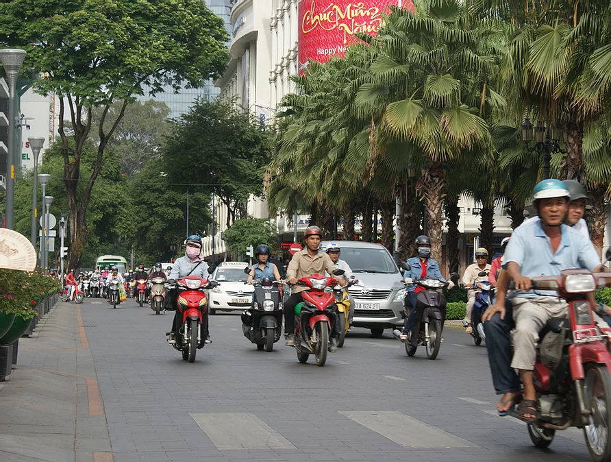 Der er mange knallerter og de kan virkeligt godt lide båthornet og speederen. De kører bare over for rødt. Når man går over gaden skal man bare blive ved med at gå og ikke stoppe så kører de bare uden om en.
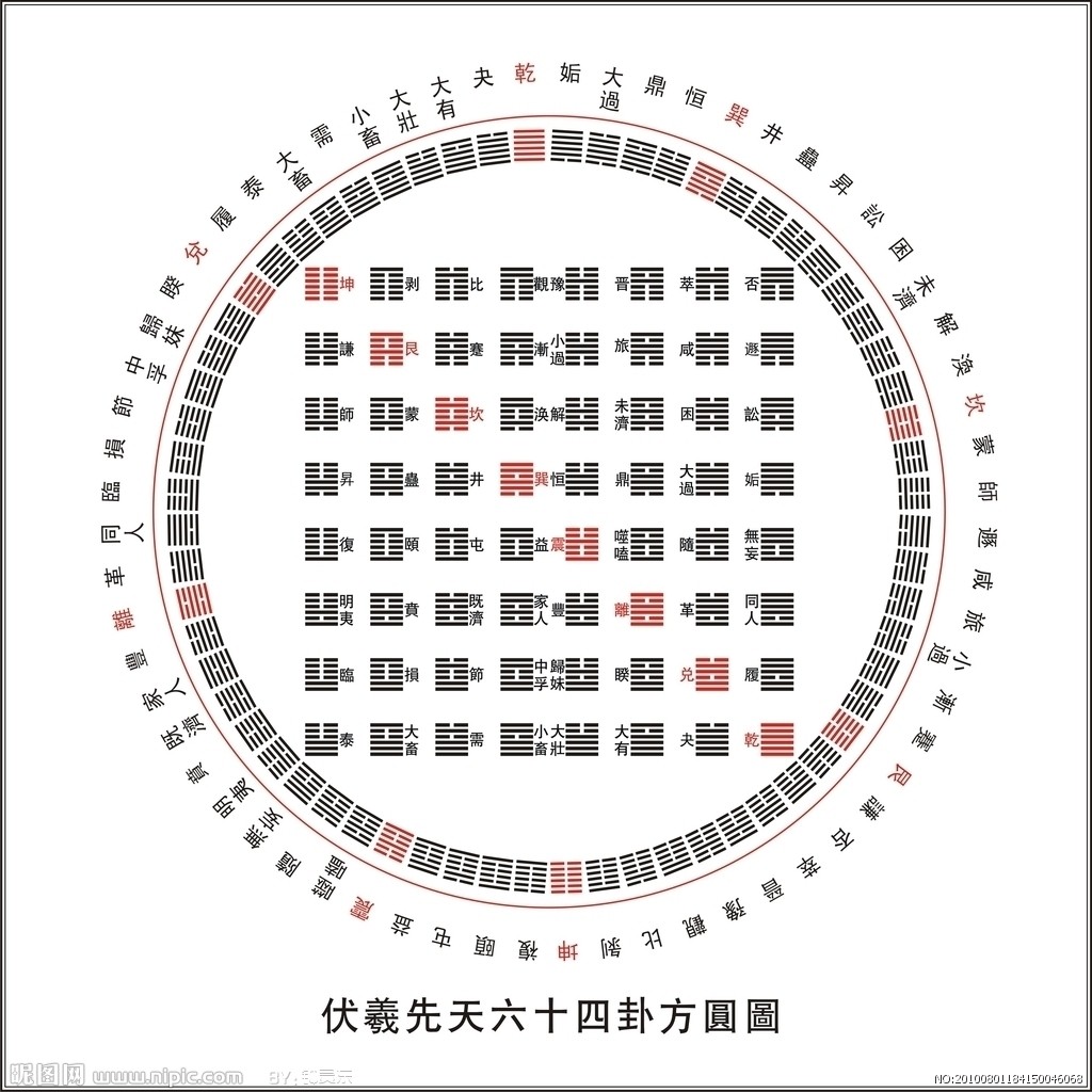 | Les 64 hexagrammes de Fuxi | Les huit trigrammes |
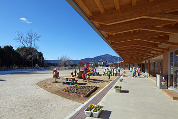 サマリー:筑波山のすそ野に広がる茨城県石岡市柿岡地区に建築されたこの保育所は、廊下を |
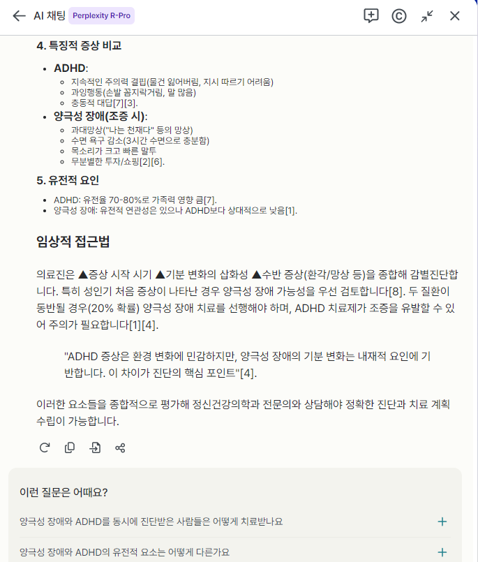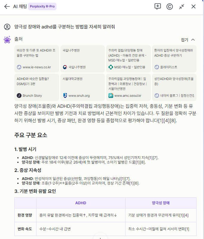 실 예로, 양극성 장애(조울병) 와 ADHD를 어떻게 구분하는지를 물었더니 다음과 같습니다.

Problem description
Leave out any pictures and return exactly the lines from the beginning of the data through the line with "サマリー:筑波山のすそ野に広", inclusive.

Result
 Der er mange knallerter og de kan virkeligt godt lide båthornet og speederen. De kører bare over for rødt. Når man går over gaden skal man bare blive ved med at gå og ikke stoppe så kører de bare uden om en.
 | Les 64 hexagrammes de Fuxi | Les huit trigrammes |
 サマリー:筑波山のすそ野に広がる茨城県石岡市柿岡地区に建築されたこの保育所は、廊下を |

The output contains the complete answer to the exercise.